I was proud of the way I did not give up, but added and switched things around until I had a command that did what I wanted it to.
wget -r –no-parent -w 2 –limit-rate=20k -A .txt


At this point, I am most interested in all the different ways that research can be manipulated and displayed. I only touched on two ways, but may use different methods in my final project. I have been thinking more seriously and deliberately about what I do, how I do it, and why. This week, I was especially proud of myself for not only (mostly) correctly following the tutorials without significant assistance, but also beginning to feel comfortable modifying the command lines to create different tables that interested me.

I also started working on my final project and after some trial and error in working with the command line for wget and using critical thinking skills to modify previous examples, I got what I wanted downloaded and stored where I wanted it. Looking forward to the next steps.

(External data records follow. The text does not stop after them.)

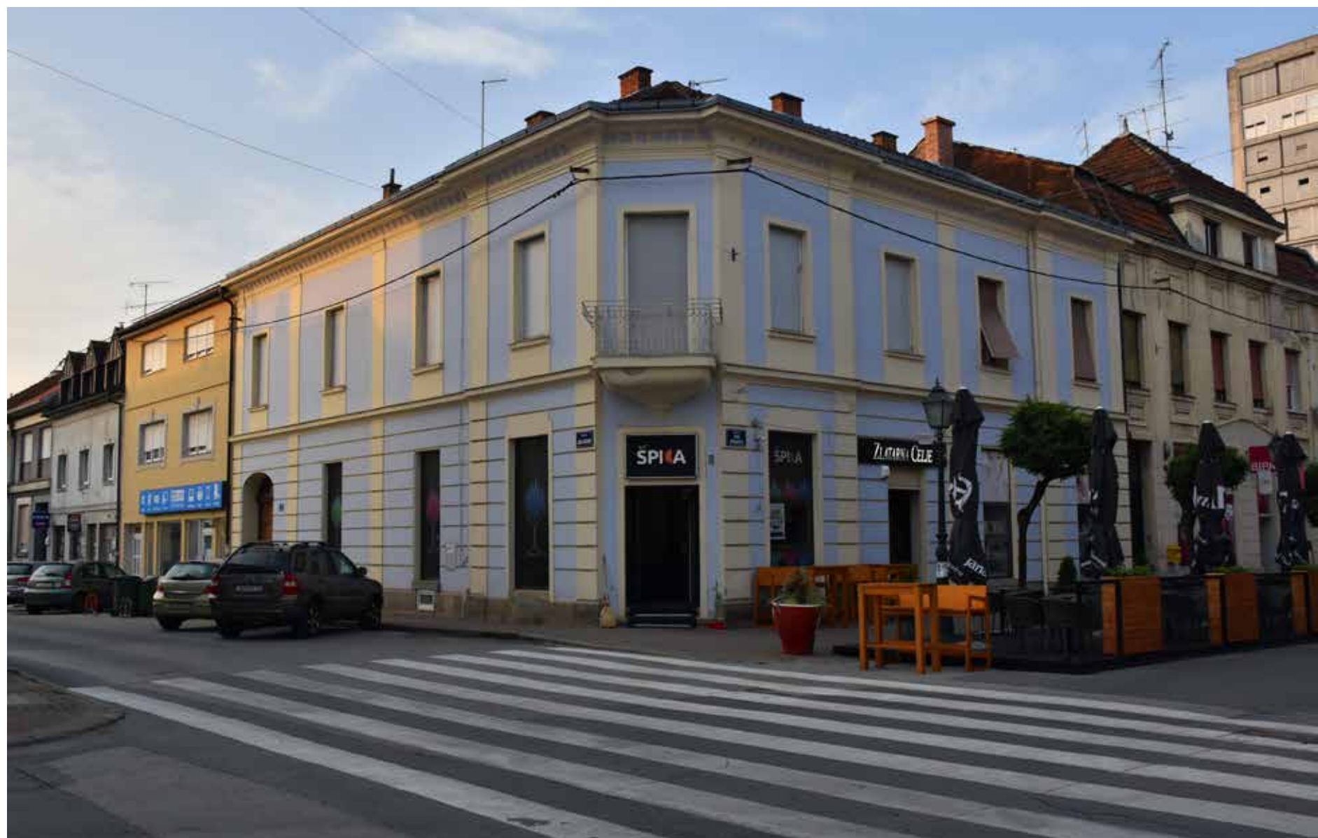
Caffe bar Špica ULICA JURJA HAULIKA 18
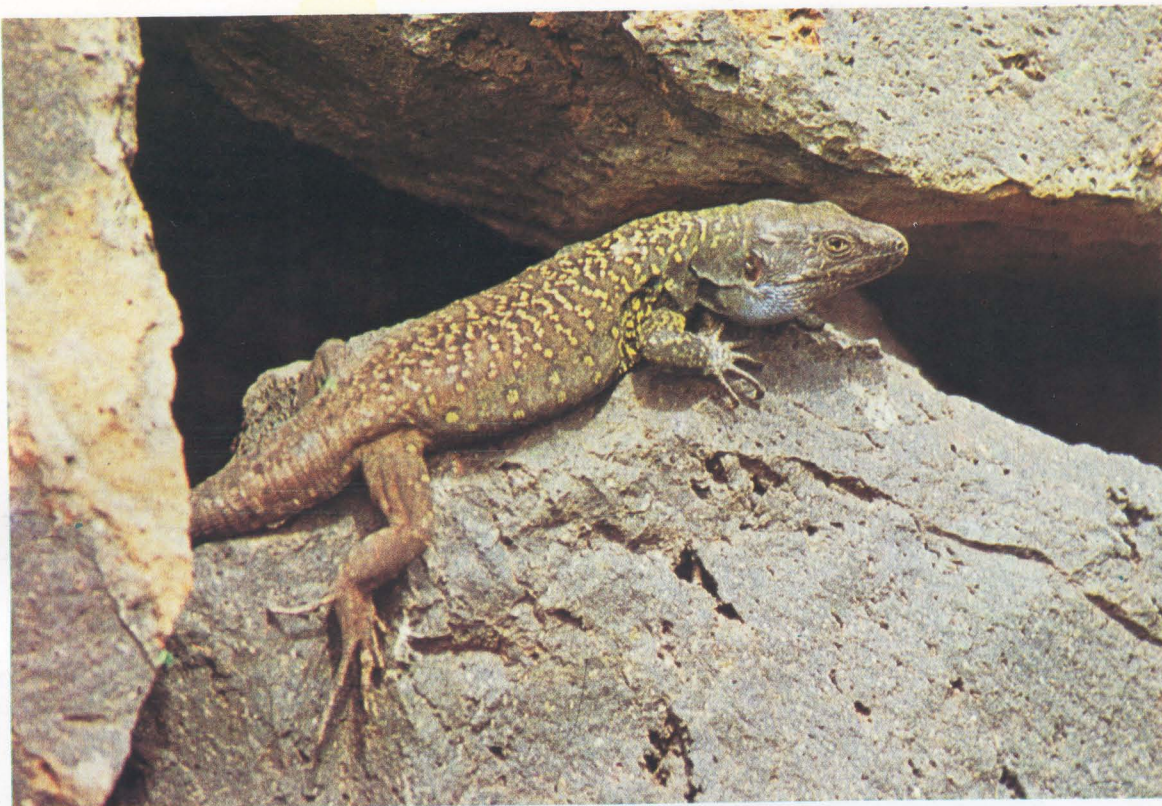
LAGARTO MACHO DEL NORTE
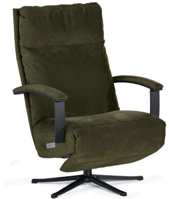
Sessel 95.0 nieder, Leder / Fauteil 95.0, cuir Armteile 90.5 schwarz, offen / accoudoir 90.5 noir, ouverte Fuss standard schwarz, pulverbeschichtet / pied standard revêtu de poudre en noir
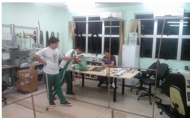
Figura 1 - Montagem do viveiro no Laboratório de Física do Campus Araguaína - IFTO

Inicialmente, a preparação e montagem do modelo planejado ocorreu no laboratório de Física do Campus Araguaína do Instituto Federal de Educação, Ciência e Tecnologia do Tocantins IFTO (Figura 1).
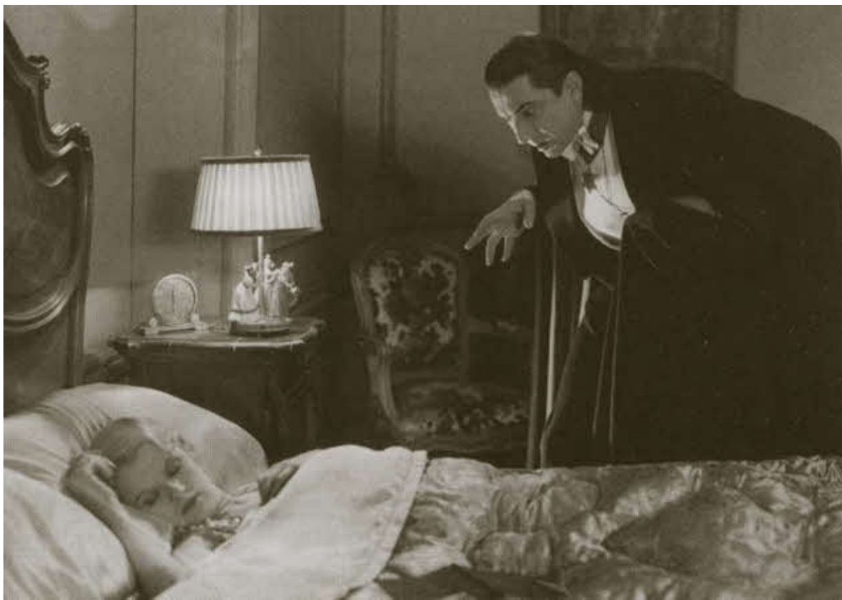
Бела Лугоши в фильме Т. Браунинга «Граф Дракула» (1931)
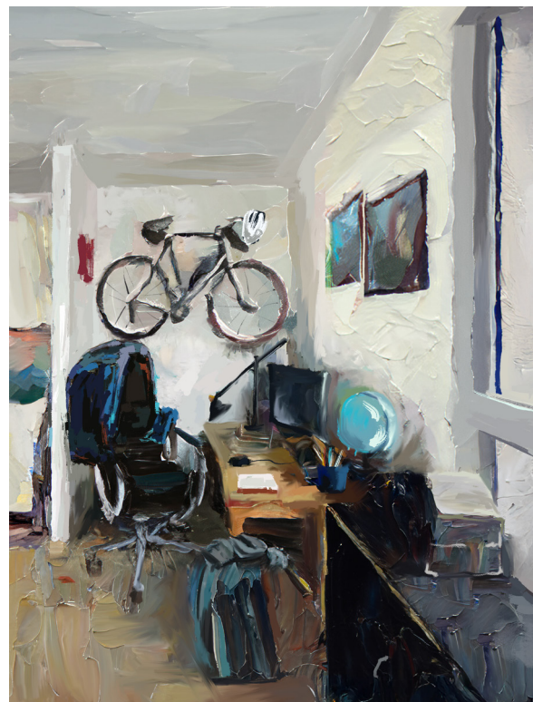
De Rechtvaardige Plattegrond

In hun ontwerp onderzoek namen de architecten de huidige nieuwbouwstandaarden kritisch onder de loep en onderzochten ze aan welke criteria een rechtvaardige woning zou moeten voldoen. 'Rechtvaardigheid in woningbouw gaat niet over voldoen
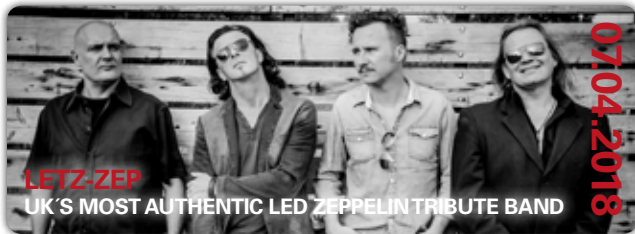
LETZ-ZEP UK'S MOST AUTHENTIC LED ZEPPELIN TRIBUTE BAND
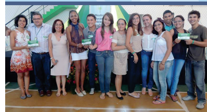
Participantes da III Mostra da Educação Ambiental da Rede Estadual de Ensino, 2013

Fortaleza, CE 16 e 17 de dezembro de 2014
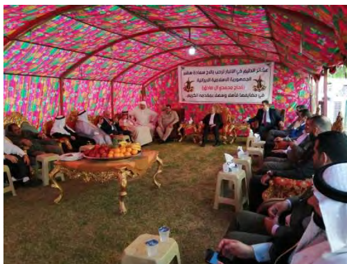
ביקור שגריר איראן בעיראק במחוז אלנבאר (חשבון הטוויטר של השגריר, 14 באוקטובר 2022).

◀ שגריר איראן בעיראק, מחמד כאט'ם אל-י צאדק, נפגש ב-14 באוקטובר 2022 עם ראשי שבטי הדלים (Dulaym), השבטים הבדואים במחוז אלנבאר במערב עיראק. בציין בחשבון הטוויטר שלו (14 באוקטובר 2022) הודה השגריר לראשי השבטים על קבלת הפנים לה זכה וציין, כי מצא אותם נחויים לשמור על האחדות בקרב המוסלמים. ביקור השגריר נערך לרגל "שבוע האחדות האסלאמית", המצוין באיראן בין שני תאריכי יום הולדתו של הנביא מוחמד, האחד לפי המסורת הסונית והשני לפי המסורת השיעית.

Who benefits from this work?

Select one of the articles behind the links above (and/or in the exercises) to annotate, asking yourself, ‘who benefits from this? who is hurt from this?’. Make an entry in your blog on this theme.

I found Michelle Moravec’s blog posting “Corpus Linguistics for Historians” most interesting. I appreciated how she explicitly set out the main reasons why she liked using Corpus Linguistics and then briefly explained what tools she used and why she chose them. She then gave visual examples of each of the tools and explained her thinking/use of them.

I found that this was a good example of how historians can practice principles of digital history such as being “open source” while also producing an education and easy-to-follow document. I think that anyone interested in using any of the tools she identifies would benefit from her post. Her use of “in-process” visuals and her explanations of what is happening and why is useful in helping the reader to follow the text, while also critically engaging with the tools and methods being presented. From this perspective, I do not see how people could be harmed.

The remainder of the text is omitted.